Na passagem bíblica 1Cor. 7, 1-13, São Paulo incita os esposos à lealdade e a conservarem-se juntos, amando-se e cuidando-se mutuamente. Descreve, nesta e noutras cartas (Col 3, 18-25), os principais direitos e deveres dos esposos e o modo como se devem relacionar. Preocupa-se também em dar orientações de como os cristãos se devem relacionar no seio da família, tendo por base o respeito, a paciência e a humildade.

Na tradição cristã, é possível apresentar a sagrada família de Nazaré como modelo de projeto de fé entre eles. Sendo Maria o verdadeiro exemplo de entrega e dedicação a Deus. Fiel até ao fim da sua vida, preocupa-se em amar o seu filho, mesmo que tantas vezes não compreenda totalmente o significado dos seus atos ou das suas palavras. Tal como é referido em Lc 2, 48, em que Maria questiona o seu filho. “Meu filho, por que agiste assim connosco? Olha que teu pai e eu, aflitos, te procurávamos”.

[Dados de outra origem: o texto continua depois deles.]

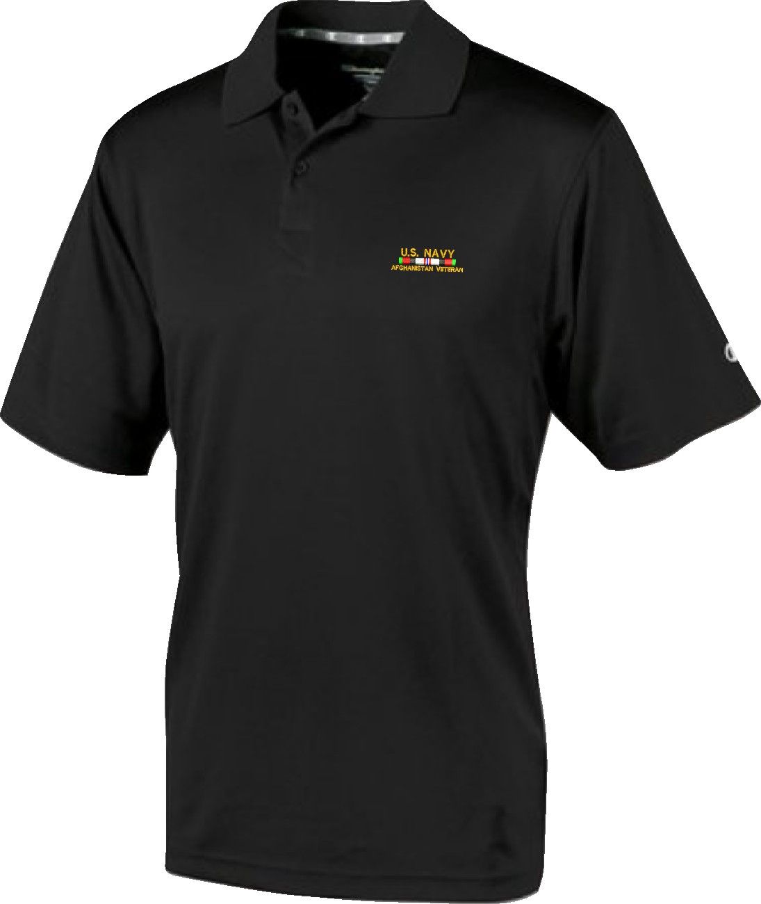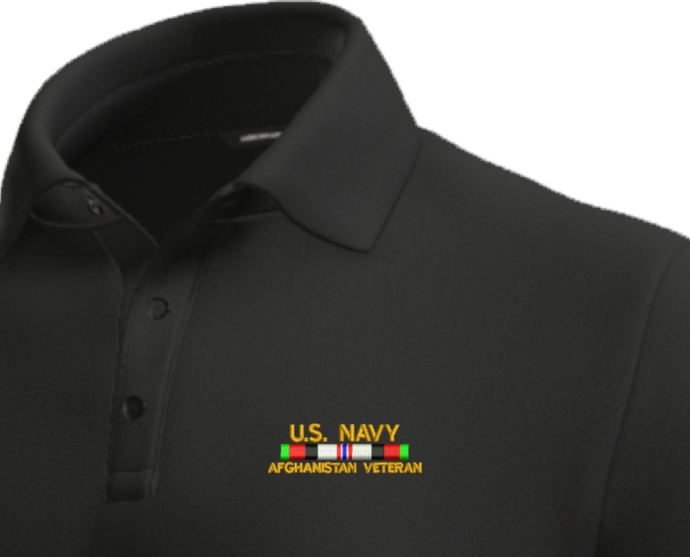 We at Militarybest.com are proud to present you with these U.S. Navy Afghanistan Veteran Moisture Wicking 100% Polyester Polo Shirts. Great for the golf course or the board room, our War Vet Polos are the qualityst quality available. Each Double Dry Polo is Embroidered at our Custom Embroidery facilities in Scottsboro, AL.
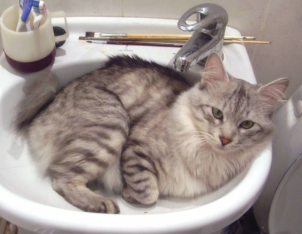 Мой кот в жару, постоянно лежал в раковине. И выгнать его оттуда было невозможно - только грубо скинуть. Кран открываем - тут же убирает свою тушку в сторонку и ... пииииить. Даже сильного напора не боялся.
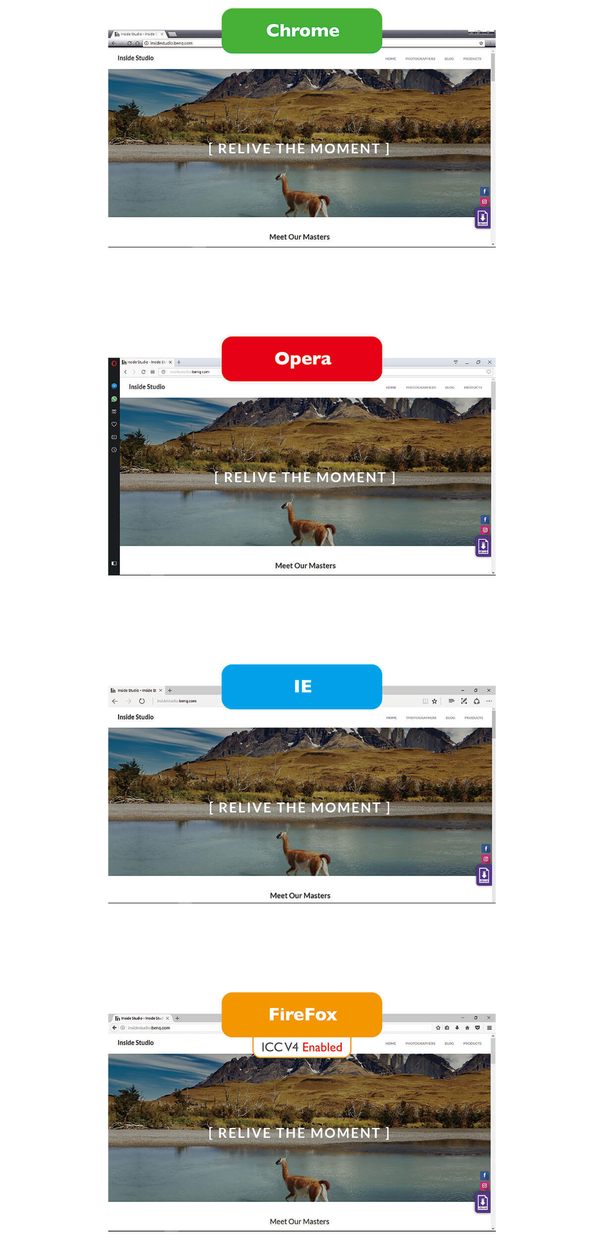 除了对显示设备进行校准以及将图像转换到sRGB色彩空间外,观看者还应注意使用哪款浏览器来查看图片。图五中有四种不同的浏览器,但显示的是同一个网站。然而,这些浏览器中显示的图像看起来却各不相同,这是因为并非每个浏览器都会在其引擎中使用最新的ICC引擎。因此,对于网页设计师或任何想要将图像上传到网站的人而言,使用不同的浏览器来检查图像是非常重要的。从图五中我们可以看到,IE和FireFox能够使用v4 ICC色彩描述文件正确再现图

José, o esposo fiel que coopera com os planos de Deus. Através do seu trabalho e como judeu fiel, vive em Nazaré, cumprindo também ele o que Deus lhe pede.

O Evangelho pouco narra acerca do dia-a-dia da sagrada família, especialmente ao longo da vida privada de Jesus, embora a tradição da Igreja tenha sempre privilegiado o papel dos pais de Jesus na cooperação que deram para que fosse possível o projeto redentor de Deus.